Ibu Ruko menjawab, "Iya, nak?"
Ruko mengamati berita pada TV dan bertanya, "Ayah nggak pulang-pulang?"
Ibu Ruko terdiam, membuat Ruko berseru kembali, "Kalau kakak gimana?"
Ibu Ruko tetap bungkam, membuat Ruko kesal, "Di berita bilang, kalau papa, kak Ribka, dan Pangkas bakal ikutan ASEAN games."
Tidak dapat membalas, Ibu Ruko hanya bisa terbungkam sambil membuat lauk-pauk.
"MAH...!" Ruko ingin berteriak, namun melihat ibunya yang bersedih. Ia pun tidak jadi membantah ibunya.
Kejadian itu pun mengingatkannya tentang kejadian kemarin, Aku... Tidak seharusnya menangis... Kenapa... Aku nangis ya?
Di Rumah Miya
"Iihh, anak perempuanku ini sangat bersemangat sekali sih, minggu ini", seru Manes sambil mencubit pipi anak perempuannya yang sedang berdandan.
"Iihh, Mama! Ngapain sih, dikamar Miya? Aku malu atuh."
"Ibu seneng aja, kamu punya cowo."
"Kami nggak pacaran mah!"
"Masa sih? Nggak mungkin ah!"
Manes menggoda anaknya sendiri hingga akhirnya Miya pun membentak, "MAAAH serius ah! Mama kenapa sih? Godain aku melulu! Malu tau! Sebagai mantan artis mama nggak ada rasa malu apa ya?"
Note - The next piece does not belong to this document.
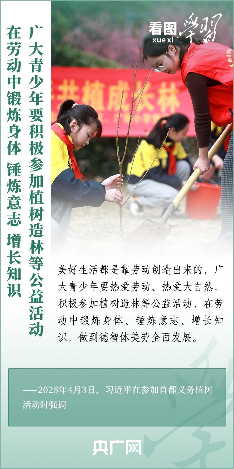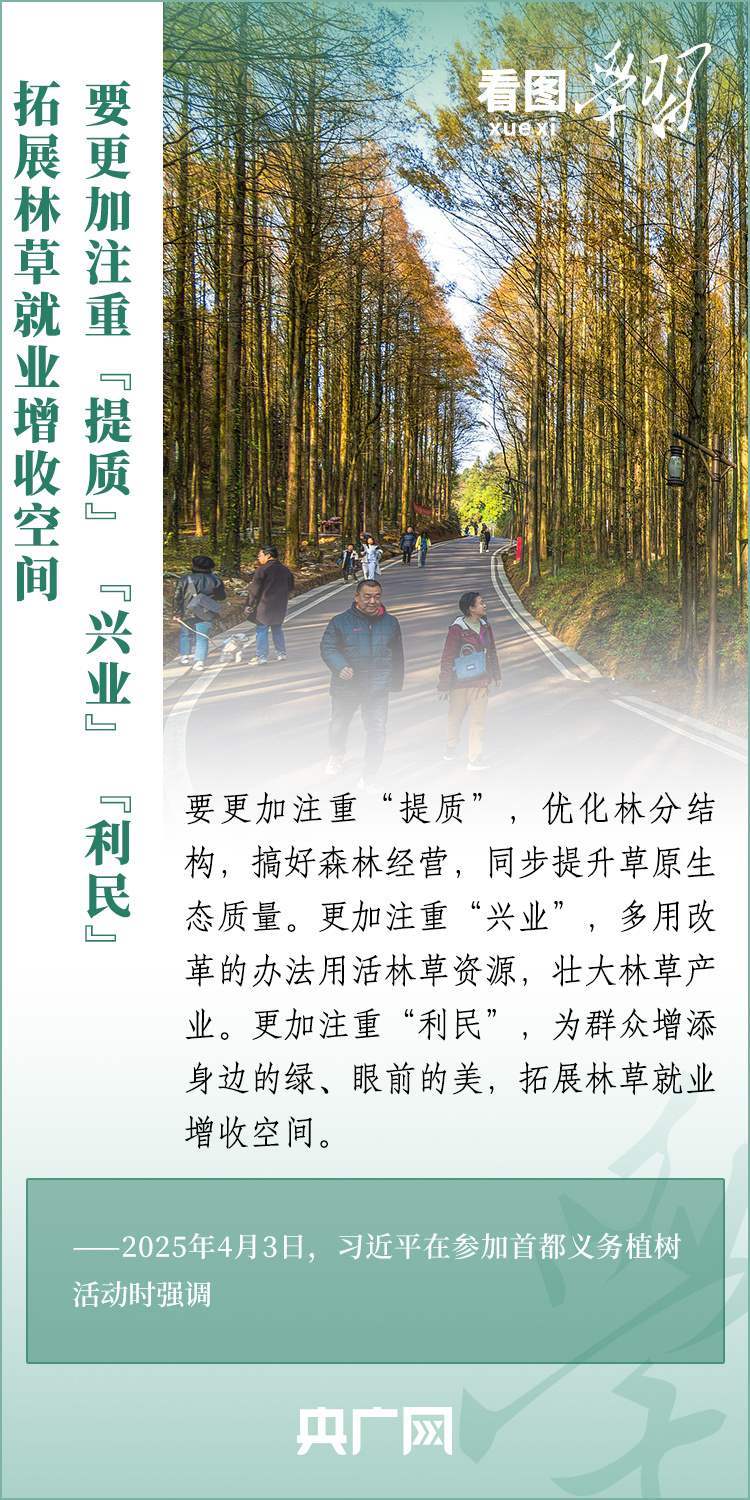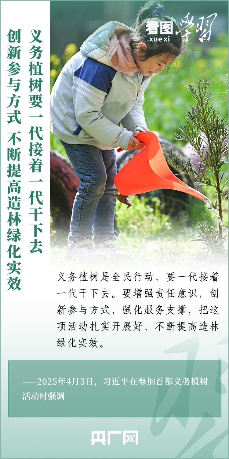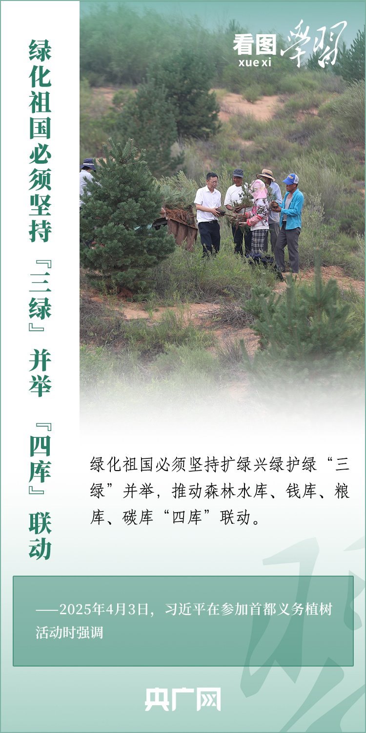 植樹造林是生態(tài)文明建設(shè)重要一環(huán)。4月3日,習(xí)近平總書記參加首都義務(wù)植樹活動。在植樹現(xiàn)場,總書記高度肯定國土綠化工作取得來之不易的成績,強(qiáng)調(diào)綠化祖國必須堅(jiān)持“三綠”并舉、“四庫”聯(lián)動,要更加注重“提質(zhì)”“興業(yè)”“利民”,“匯聚共建美麗中國的磅礴力量,讓祖國大地更加綠意盎然、生機(jī)勃發(fā)”。一起來學(xué)習(xí)!

Manes terkejut dengan bentakan Miya, ia langsung terbungkam.
Miya pun melanjutkan, "Aku, Luna, dan Ruko cuman teman se-klub dengan ketiga cowo itu! Mereka yang ngajak karena untuk membentuk klub itu harus setidaknya lima orang."
Manes menjawab, "Oh... Gitu..."
Namun dibenaknya ia berseru, Miya membentakku? Ini pertama kalinya. Salah satu dari cowo itu membawa pengaruh buruk kah ke anakku? Kalau ketemuan lagi harus banget diintrogasi nih.
Di Rumah Luna
"Luna!" panggil Ayah Luna kepada anaknya yang berada di ruang keluarga sedang menonton.
"Kenapa?" jawab Luna dengan nada yang bermalasan.
"Kemaren... kamu beli boneka?" Saat ditanya itu, muka Luna langsung merah.
Ayahnya pun melanjutkan, "Papa baru tahu kalau kamu suka boneka. Sampai banyak banget yang dibeli."
Luna dengan cepat menatap Ayahnya dan berteriak, "Kok Papa tahu?"
Ayahnya berseru, "Kan Papa pasang CCTV. Gimana sih?"
Luna kembali menatap televisi dan menutup mukanya.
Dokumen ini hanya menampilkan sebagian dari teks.